§ What is expected: Using the listing below, please print exactly the lines from the one with "买房选房看榜单准没错!🏆 人" through the one with "- Tiny white". Leave out every picture.

§ Data to process:
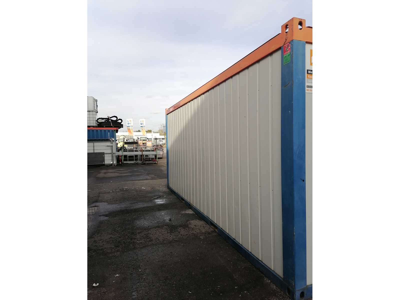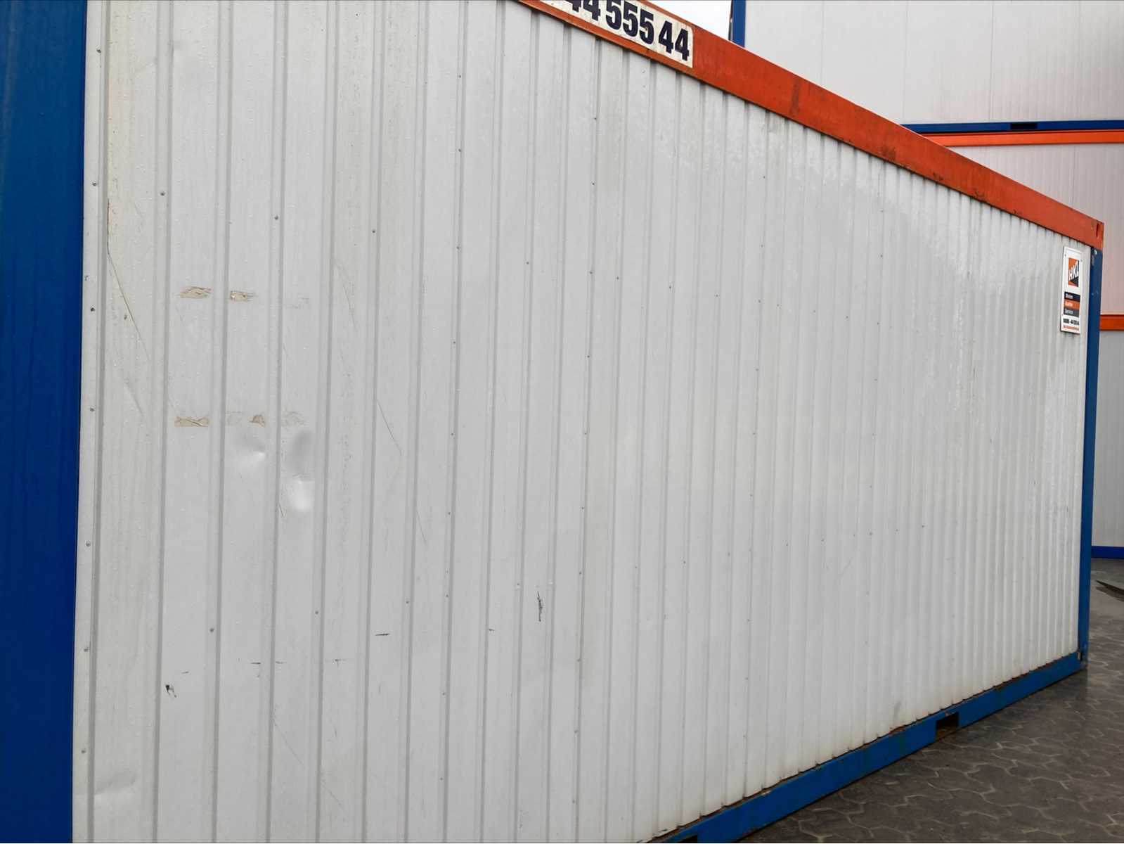 Dimensiones exteriores: 6.058 x 2.438 x 2.800 mm Marco de acero soldado con firmeza: Sí Marco: DIN-ISO Manejo: Conectable, Apilable, Grúa Bolsas para carretillas elevadoras: 900 mm Electricidad: Instalación eléctrica, luces de techo, interruptores y enchufes, enchufe exterior: CEE 32A 5P 400V, caja de fusibles, tiras de luz Auction-ID: A1-44751-4
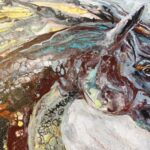 Seit jeher arbeitet sie mit Papier, Farbe und Tusche. Besonders gern verwendet sie fliessende Acryltechnik, bei der Materialmischungen, präzise Arbeitsweise und die Suche nach Texturen zu sensiblen abstrakten Kompositionen führen. Zwischen Farben, Strukturen und originellen grafischen Formen erinnern ihre Werke mitunter an traumhafte, vielfarbige Landschaften.
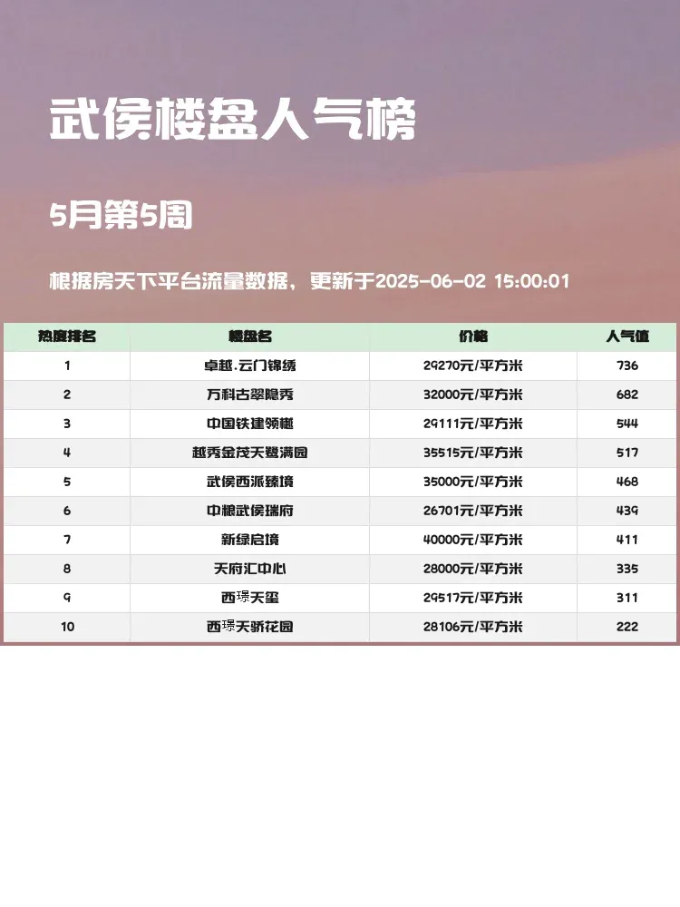 买房选房看榜单准没错!🏆 人气楼盘榜单能直观反映市场热度,跟着买不容易踩雷~当前市场核心逻辑就是"地段+配套+品质"三要素缺一不可!今天就带大家扒一扒武侯区近期最火的3个神盘,优缺点全解析👇
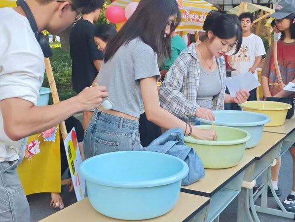 “捞月”活动以独特的方式吸引了众多同学参与。参与者需要用筷子将乒乓球从一个盆中夹到另一个盆中,这不仅考验了大家的手眼协调能力,也带来了无限的乐趣。活动现场充满了欢声笑语,大家在欢乐的氛围中感受到了中秋节的独特魅力。
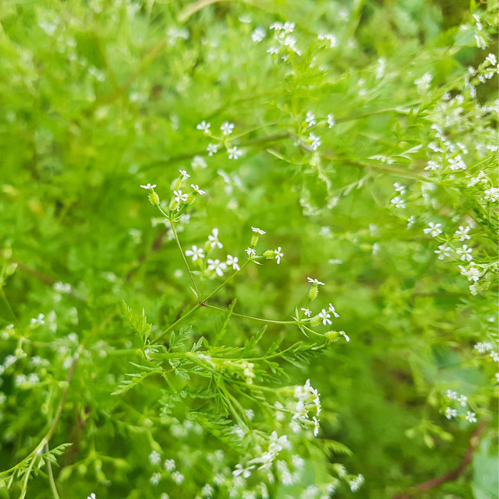 - Tiny white flowers appear amongst the feathery foliage in spring
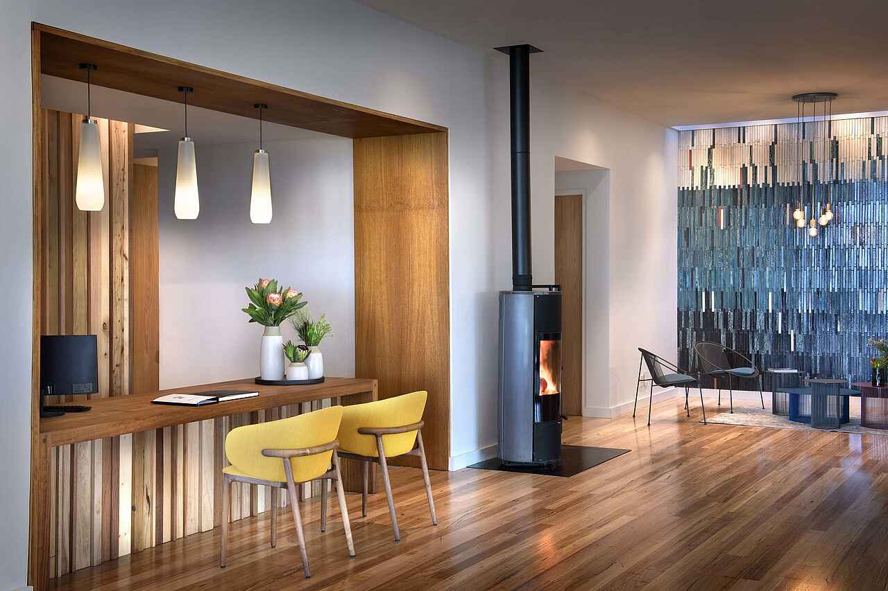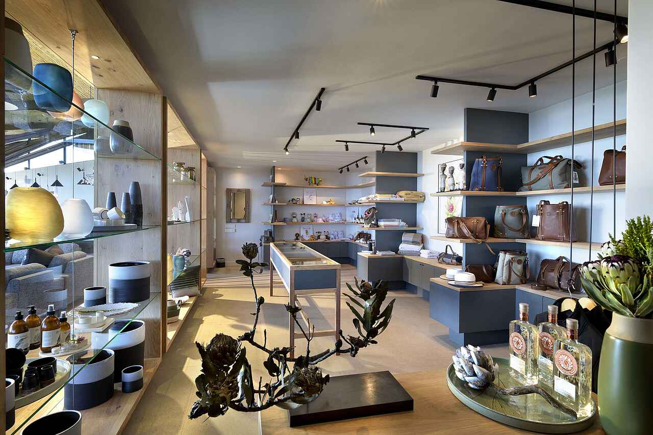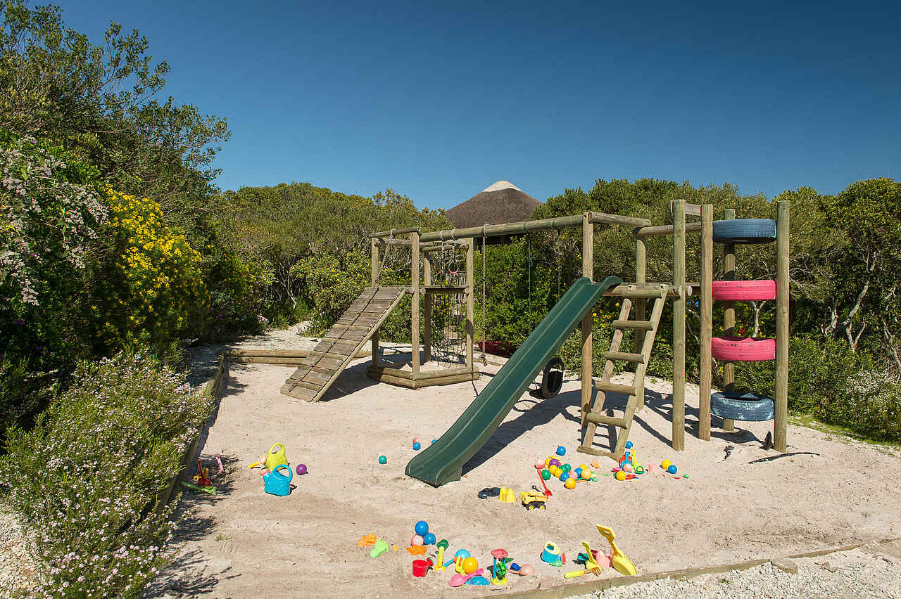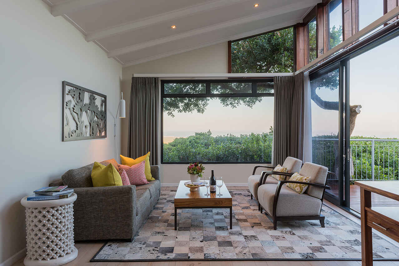 Das Herzstück der Lodge ist die lichtdurchflutete Lounge mit bodentiefen Fenstern und Kamin, die nahtlos in das Restaurant übergeht. Von der Terrasse mit Infinity-Pool fällt der Blick über das Meer. Ein stilvoller Weinkeller bietet den Rahmen für besondere Abendessen, während eine offene Feuerstelle an afrikanische Boma-Tradition erinnert. Ergänzt wird das Angebot durch ein Spa mit Behandlungsräumen und Sauna. Kinder finden in einem kreativen Indoor-Spielzimmer und im Garten viele Möglichkeiten zum Entdecken. Alle Bereiche sind so gestaltet, dass sie Natur, Entspannung und Begegnung harmonisch verbinden.
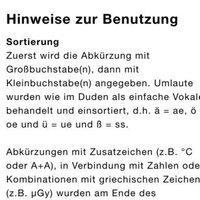 Über 200.000 gebräuchliche Abkürzungen, Akronyme, Mnemoniks und Symbole mit mehreren Suchmöglichkeiten und Hinweis auf Verwechslungsmöglichkeiten einschl. angloamerikanischer, französischer und lateinischer Abkürzungen.

§ Reply to the exercise:
 买房选房看榜单准没错!🏆 人气楼盘榜单能直观反映市场热度,跟着买不容易踩雷~当前市场核心逻辑就是"地段+配套+品质"三要素缺一不可!今天就带大家扒一扒武侯区近期最火的3个神盘,优缺点全解析👇
 “捞月”活动以独特的方式吸引了众多同学参与。参与者需要用筷子将乒乓球从一个盆中夹到另一个盆中,这不仅考验了大家的手眼协调能力,也带来了无限的乐趣。活动现场充满了欢声笑语,大家在欢乐的氛围中感受到了中秋节的独特魅力。
 - Tiny white flowers appear amongst the feathery foliage in spring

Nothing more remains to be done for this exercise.